18.10.2023

Oliver Errichiello

«Ich wünsche mir mehr Wahrhaftigkeit»

Noch nie war Werbung derart politisch und Politik gleichzeitig so getrieben von austauschbaren Werbebotschaften. Laut Markensoziologe Oliver Errichiello sei die Politik von der «kreativen Klasse» gekapert worden. Ein Gespräch über Werbung, Wahlen und Waschmittel.
Oliver Errichiello: «Ich wünsche mir mehr Wahrhaftigkeit»
«Ich wünsche mir eine Werbung, die sich als das sieht, was sie im Kern immer war, ist und sein wird: ein Mittel, um mehr zu verkaufen», so Oliver Errichiello, Markensoziologe und Autor von «Werbung für den Zeitgeist». (Bilder: zVg)

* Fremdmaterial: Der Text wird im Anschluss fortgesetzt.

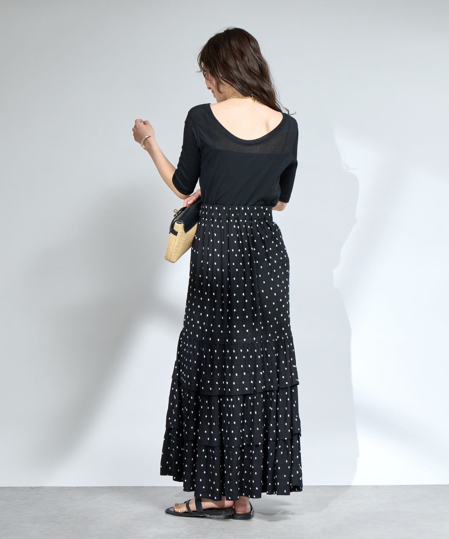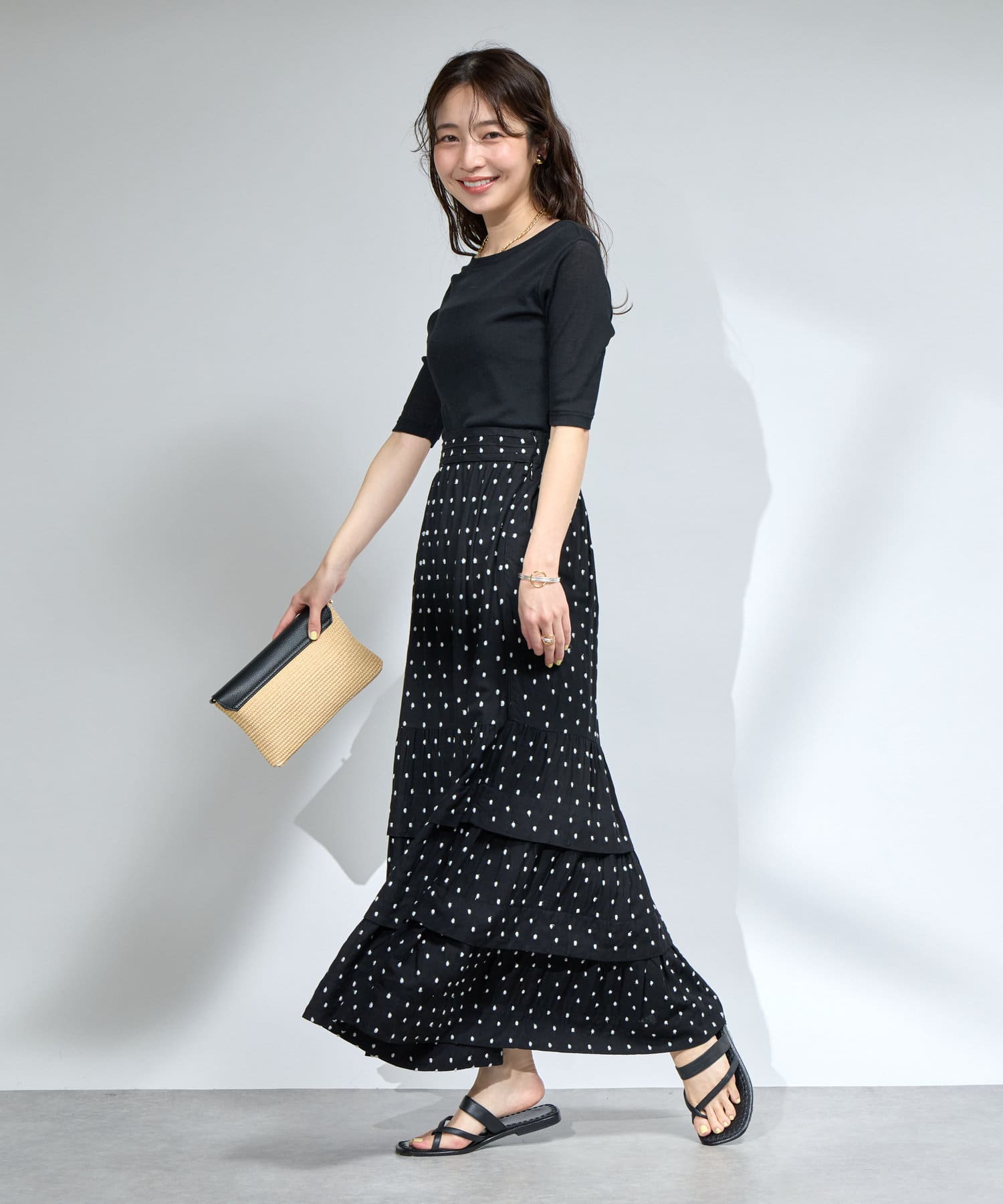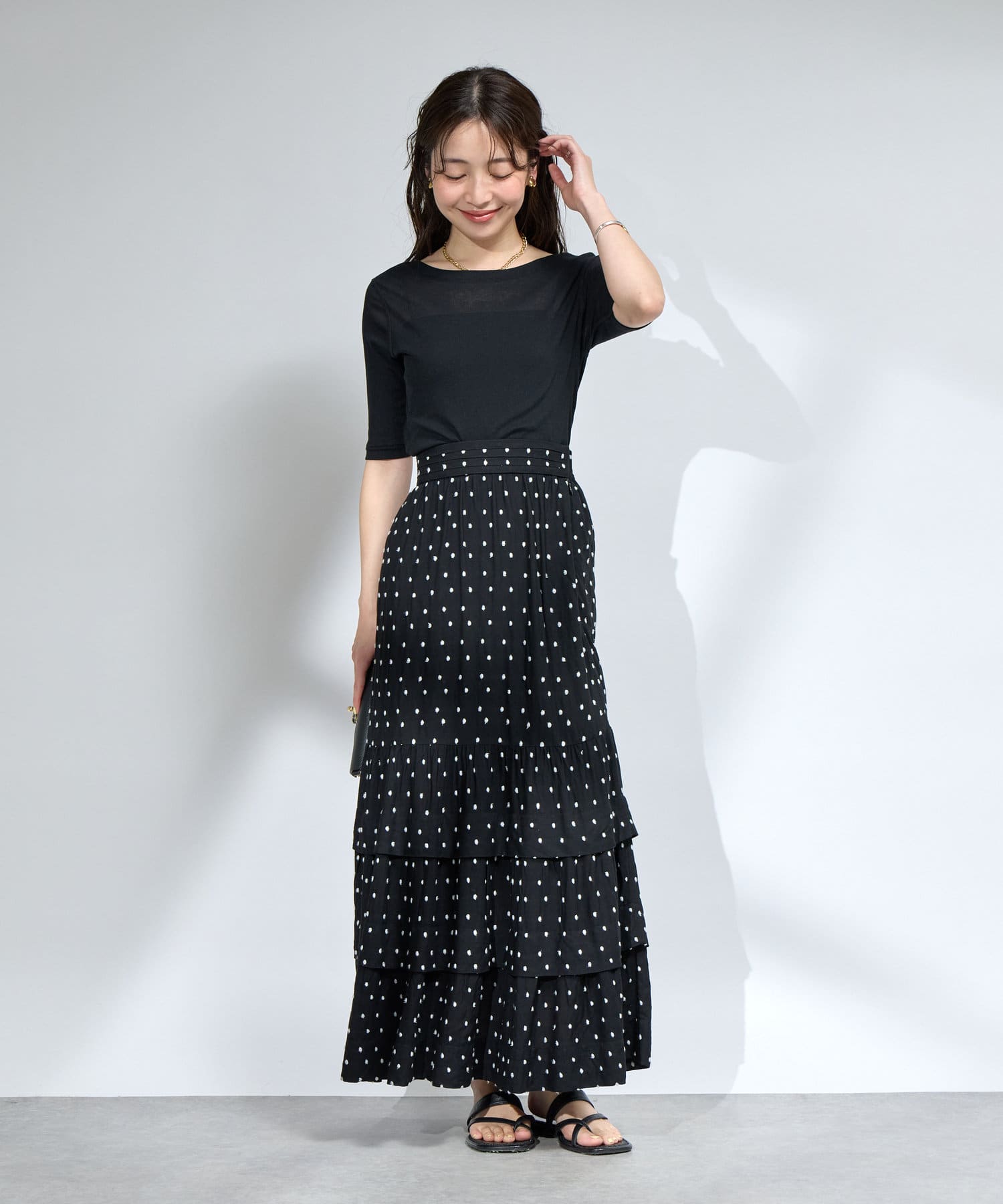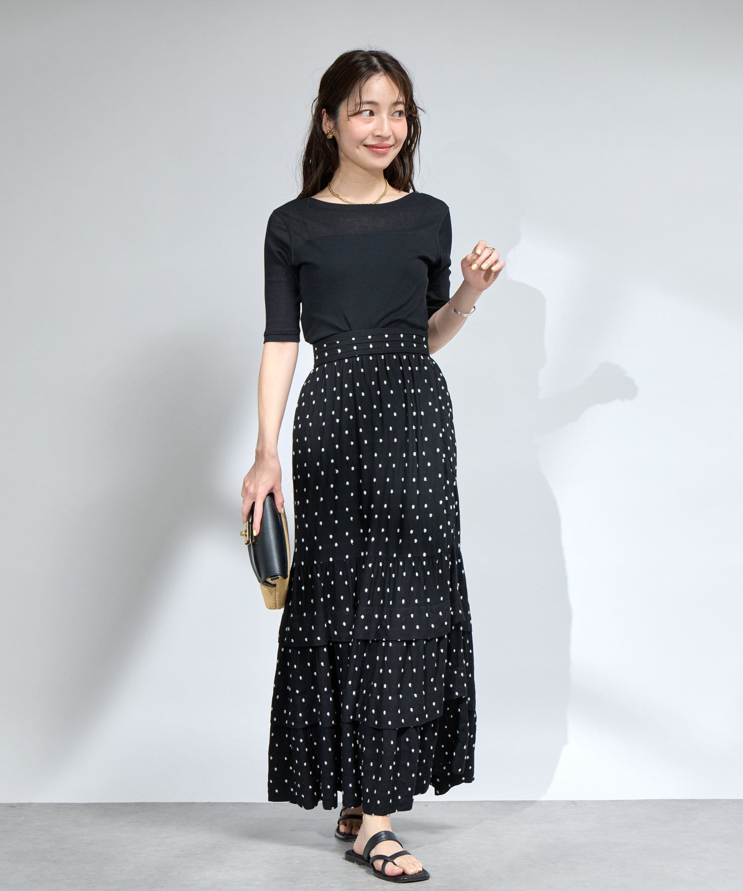 花柄のスカートと合わせてフェミニンなスタイルに。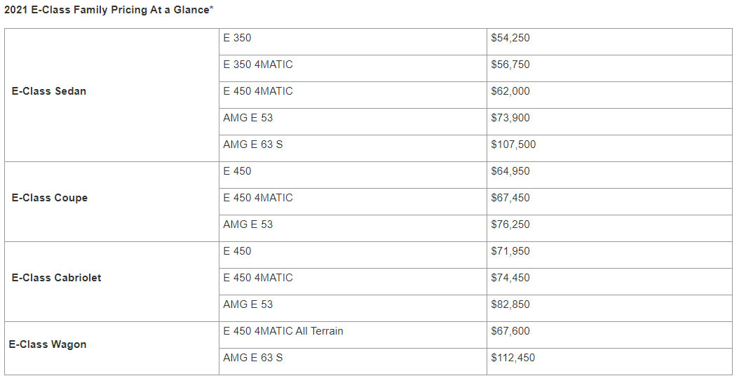 The rear-wheel drive coupe begins at $64,950 while the all-wheel drive variant costs an additional $2,500. Likewise, the E 53 retails for $76,250.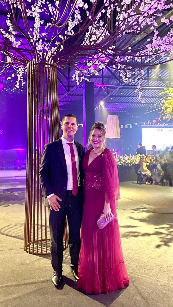 Convidamos para recepção no dia 01 de novembro de 2025, no The Palace Eventos, em São Carlos, São Paulo, às 21:00, após a benção matrimonial.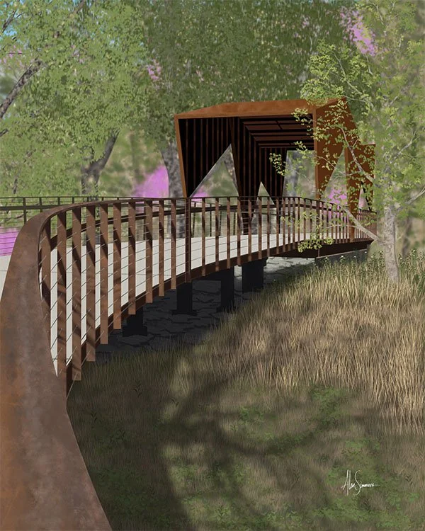 Springtime at Coler (2025) features a springtime view of one of the covered singing bridges in Coler Mountain Bike Preserve in Bentonville, Arkansas. The path winds gracefully through the surrounding trees and across the bridge, which hums with sound. The bridges are a sonic art installation by artist and musician Craig Colorusso. Hand-drawn digital art. Prints available in 16 x 20, 8 x 10, and 5 x 7.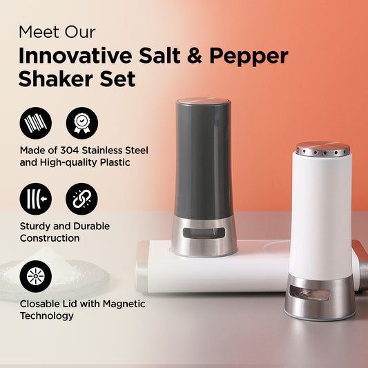 Salt and Pepper Container (60ml) | Salt Pepper Set for Dining Table | Salt Pepper Sprinkler | Magnetic Base | Salt Containers for Dining Table | Black and White | Salt Holder for Dining Table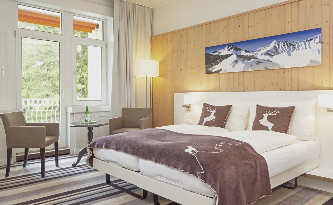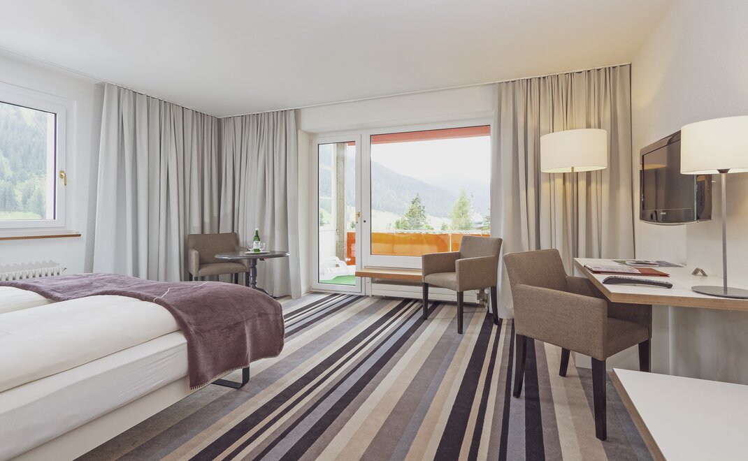 Das Hotel liegt sehr zentral in Davos Platz und mit dem hoteleigenen Shuttlebus gelangen Gäste im Winter direkt vom Hotel zur Talstation des Jakobshorns.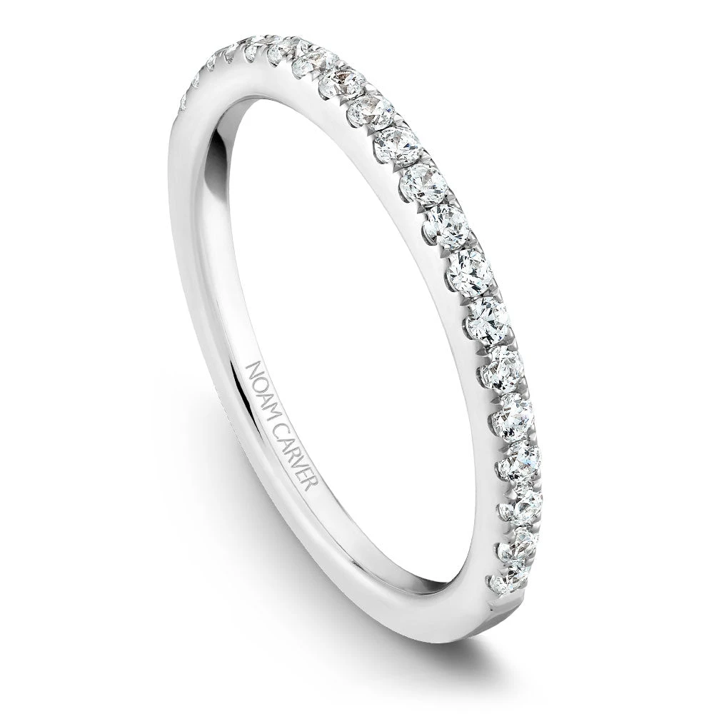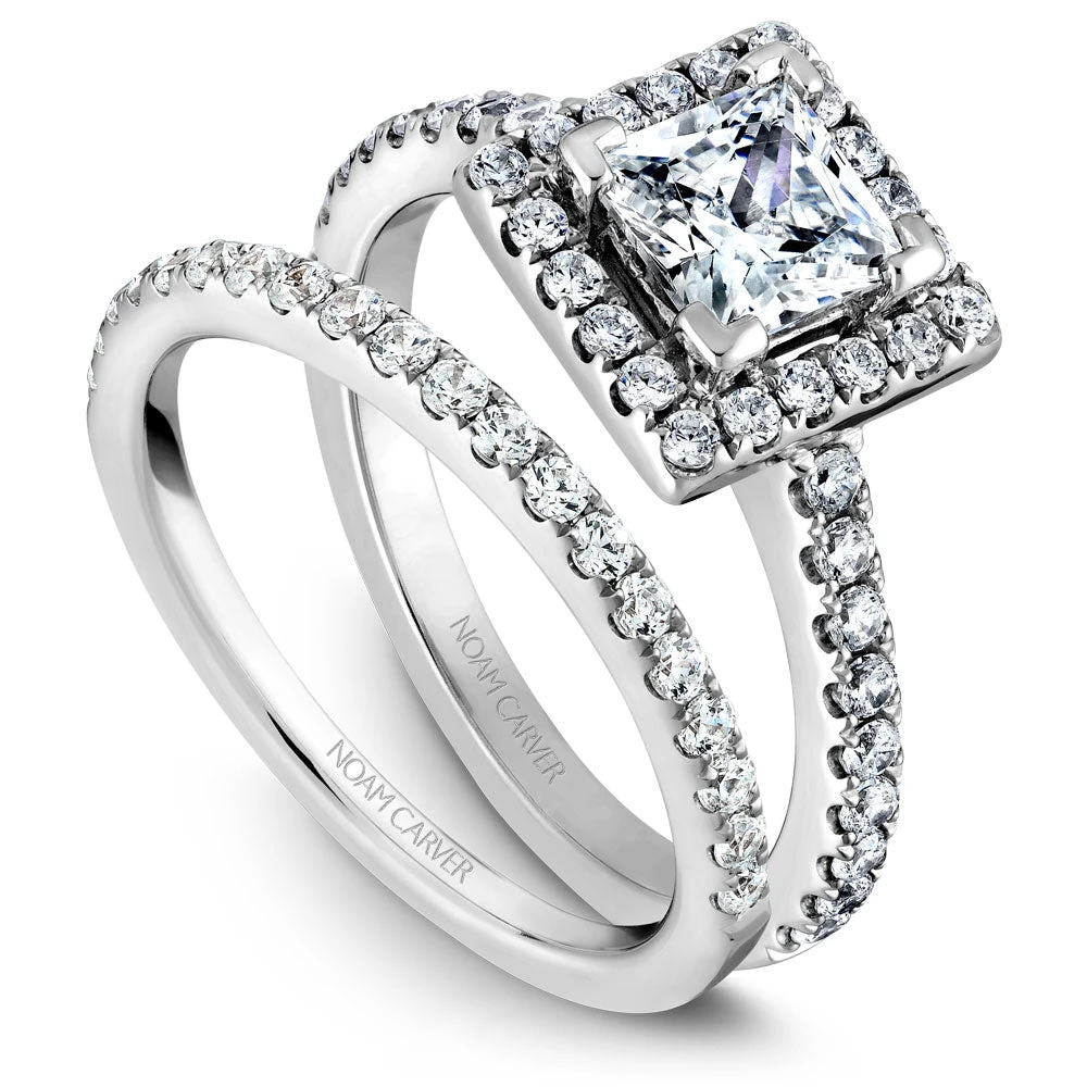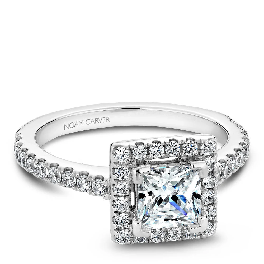 A Noam Carver white gold engagement ring with 38 diamonds, a princess cut centerpiece and a square halo.

Oliver Errichiello, in wenigen Tagen finden in der Schweiz die Parlamentswahlen statt. Könnten wir Schweizer beim Wählen auf Werbebotschaften hereingefallen sein?
Das werden wir dann sehen, aber die altehrwürdige Schweizer Demokratie wird nicht von einigen Plakaten erschüttert werden. Grundsätzlich wird die Kraft der werblichen Kommunikation überschätzt. Kaum jemand glaubt noch Werbung, weil sie sich vielfach von den Realitäten und konkreten Leistungen verabschiedet hat. Die Werbung redet oft nur noch mit sich selbst und den Milieus, aus denen sich ihre Mitarbeiterschaft speist. Diese glauben oft zu wissen, was andere Menschen denken. Übrigens liegen keine belastbaren Studien zu der tatsächlichen Bedeutung von Parteienwerbung vor. Es wird untersucht, an welche Wahlwerbung wir uns erinnern, aber ob ein bestimmtes Plakat oder eine E-Mail unsere Wahlentscheidung beeinflusst hat, lässt sich kaum fundiert nachweisen.

In Ihrem neusten Buch «Werbung für den Zeitgeist» zeigen Sie auf, dass die Welt der Politik durch die Werbung gekapert wurde. Wie denn?
Politik kämpft mit dem Stigma der Behäbigkeit und der bürokratischen Kleinteiligkeit. Politik ist langsam – und das ist auch nicht per se schlecht. Aber: Politik wirkt in Anbetracht der «schönen, neuen und schnellen Wirtschaftswelt» aus der Zeit gefallen. Vor gut 30 Jahren begann man «Politik werblich zu emotionalisieren». Man bediente sich dazu der Hilfe von «Experten», der Werbeprofis. Wenn man für Waschmittel und Kaugummis ein «Image» entwickeln konnte, dann müsste dies ja auch für Parteien funktionieren. Raus aus der Bürokratenecke … Jedoch: Ihre Themen, ihren Mindset und den Mikrokosmos von «Adland» haben die Werber in die Kommunikation eingebracht und so eine kommunikative Wirklichkeit für die Parteien erschaffen, die sehr oft a) thematisch wie gestalterisch keinen Bezug mehr zur Mehrheitsgesellschaft hat und b) auf den kurzfristigen Effekt und nicht auf die langfristige Vertrauensgewinnung durch Inhalt setzt. Das ist für die Demokratie gefährlich.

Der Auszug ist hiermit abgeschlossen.